Comparison 2018 and 2022 Crypto Markets | Why the Bear Is Different This Time

3 min read

There has been a great deal of speculation about today’s bear market and how it compares to those markets of the past. Most agree crypto has hit a bear market, but with enough differences in circumstances to have a substantial influence on the outcome.

Altcoin Sherpa’s Viewpoint

A widely followed analyst and trader says that the crypto market could copy its 2018 playbook.

2018 Market Similarities

Pseudonymous trader Altcoin Sherpa tells his 175,700 Twitter followers that this year “could very well” turn out to be a repeat of 2018 with a few differences with regard to infrastructure and diversity of digital assets.

“2022 could very well look like 2018 given the amount of time we could chop around for. I do think that the market is more mature these days than before, though. Overall market structure for trading is better + dexes [decentralized exchanges] + NFTs [non-fungible tokens] + gaming + new usable chains.”

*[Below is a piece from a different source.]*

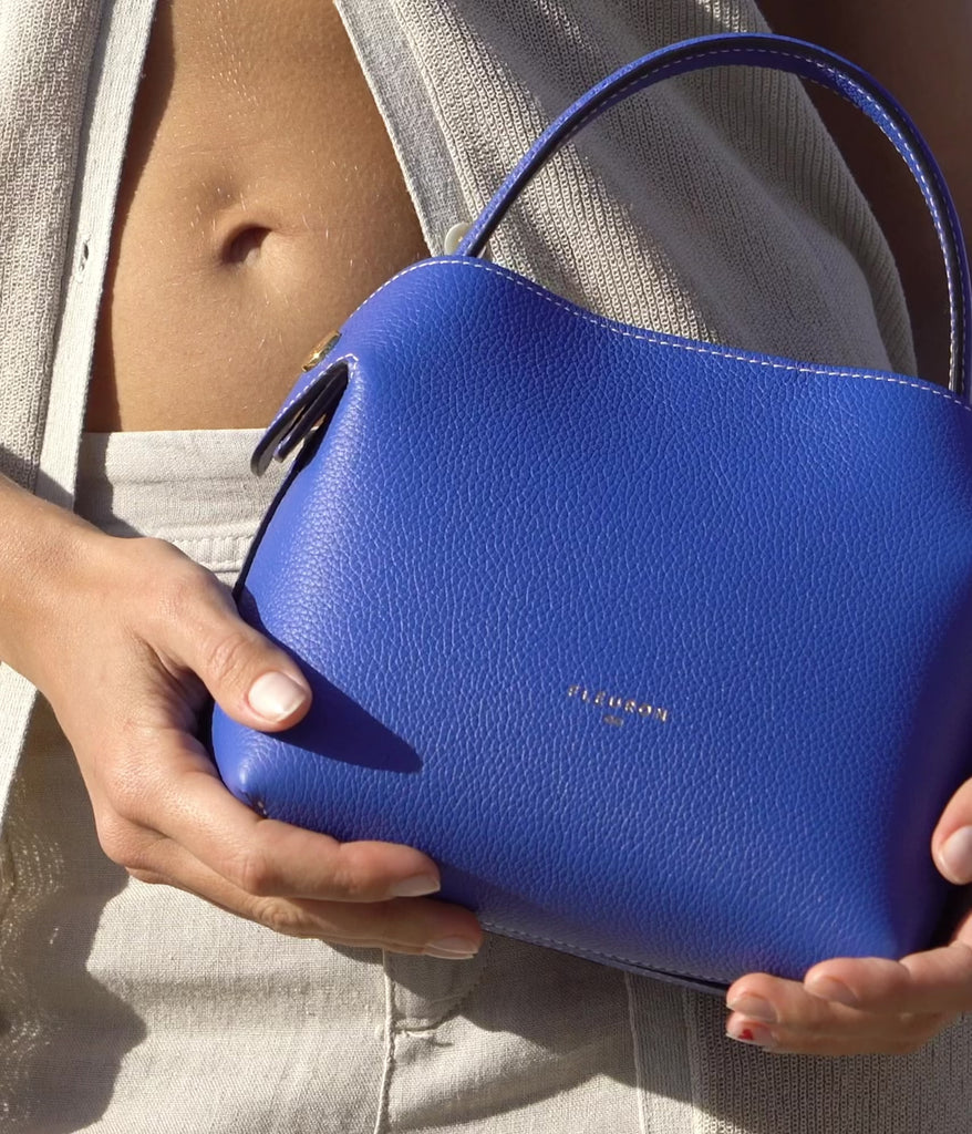 A supple silhouette, an elegant touch with its top handle, the sides fold and unfold like the beating of a wing, for an airy look. The Swann, available in a mini format, has an elongated shoulder strap that leaves your hands free. Make a bold statement with our Fleuron bag in cobalt blue. A true signature of our brand, this vibrant color electrifies your outfits and adds a nautical touch to your white and beige ensembles. Handcrafted in our workshop in Italy, this bag in grained calf leather features golden details and a beige interior. Its practical and chic design allows you to carry it by hand, on the shoulder, or crossbody thanks to the removable shoulder strap.
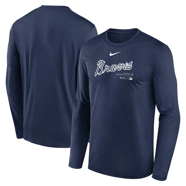 Men's Nike Navy Atlanta Braves Authentic Collection Practice Performance Long Sleeve T-Shirt

According to Altcoin Sherpa, Bitcoin (BTC) took 336 days in 2018 to hit a bottom after reaching a 2017 high, while altcoins took longer.

The crypto analyst and trader says that since Bitcoin hit the all-time high in November of 2021, roughly 189 days have passed, or about half the time it took for the flagship cryptocurrency to bottom out during the 2018 bear season.

 “BTC: One thing that sucked about 2018 was the amount of time it took to drawdown; we’re about halfway there right now.

If you count altcoin/BTC pairs, it was even longer. 2019 was shit for many of those (alt/BTC pairs were more popular back then).”

Source: Altcoin Sherpa/ Twitter

The pseudonymous crypto analyst says Bitcoin could appreciate by over 15% from current levels before crashing.

“Something like this would make sense for me; more people getting bullish on the bearish retest of $35,000 – $40,000 and then price nuking lower.”

Source: Altcoin Sherpa/ Twitter

Bitcoin is trading for $29,504 at time of writing.

Why the 2022 Bear is Different

The big picture: The crypto market is still very new. There are risks and shaky technologies, many of which are failing in spectacular attention-grabbing fashion this week. But at the same time, the industry is on firmer footing today than it was in 2018’s Crypto Winter, the last bear market.

  • A bear market is traditionally thought of as a time when an asset trades below its prior high by 20% or more, usually accompanied by a lot of pessimism about the near-term future.
  • But this is a nonsensical way to think about crypto. A 20% drop could be just a weird Tuesday.

Nevertheless, we may have arrived at bear. The mood needs to shift, and we might be there.

  • Bitcoin has fallen to less than half of its most recent all-time high of $69,045 from Nov. 10. That alone is probably enough to call this a bear, but if it goes below $20,000 (the prior bull’s all-time high), that will be symbolically powerful.
Data: CoinGecko; Table: Axios Visuals

But in crypto, it’s not truly a bear market until there are real consequences, such as:

  • Funds close,
  • Startups shutter or
  • “Established” crypto companies start announcing layoffs

Be smart: This is where things are different this time. Billions of dollars are committed to building out the industry. Just this year, venture funds with over a billion dollars under management have been announced, including Haun VenturesElectric CapitalAndreessen-Horowitz‘s new fund, FTX Ventures and others.

  • That’s enough to launch many companies as well as shore up their best bets in rough times.

Brady’s thought bubble: Crypto will not be “dead” after a severe downturn, but it might drop out of the national conversation again. Regardless, the sector will carry on.

  • One of these days, something will get folks excited again, and the market will perk back up.

2018

Context: In 2018, the bear market kicked in when word started going around that the U.S. Securities and Exchange Commission was knocking on the doors of startups funded by initial coin offerings (ICOs).

  • Back then, it was hard to buy anything but bitcoins with dollars. So eager investors bought bitcoins, traded them for ethers, and then bought into ICOs. That drove up the price for everything.
  • Demand for ICOs was basically the whole demand for cryptocurrency, so when it dried up, the whole industry dried up.

2022

Today, there’s no such clear single cause, in part because the cryptocurrency market has more use cases and more operational companies now.

  • Having learned from 2018, crypto companies have been prepared.
  • As early as 2021, projects started hedging their volatile treasury holdings by shifting part of their funds into dollar-backed stablecoins, so they could ride out a downturn.

The bottom line: Bear markets are familiar. No one likes them, but they come often enough that the established leaders know how to ride them out.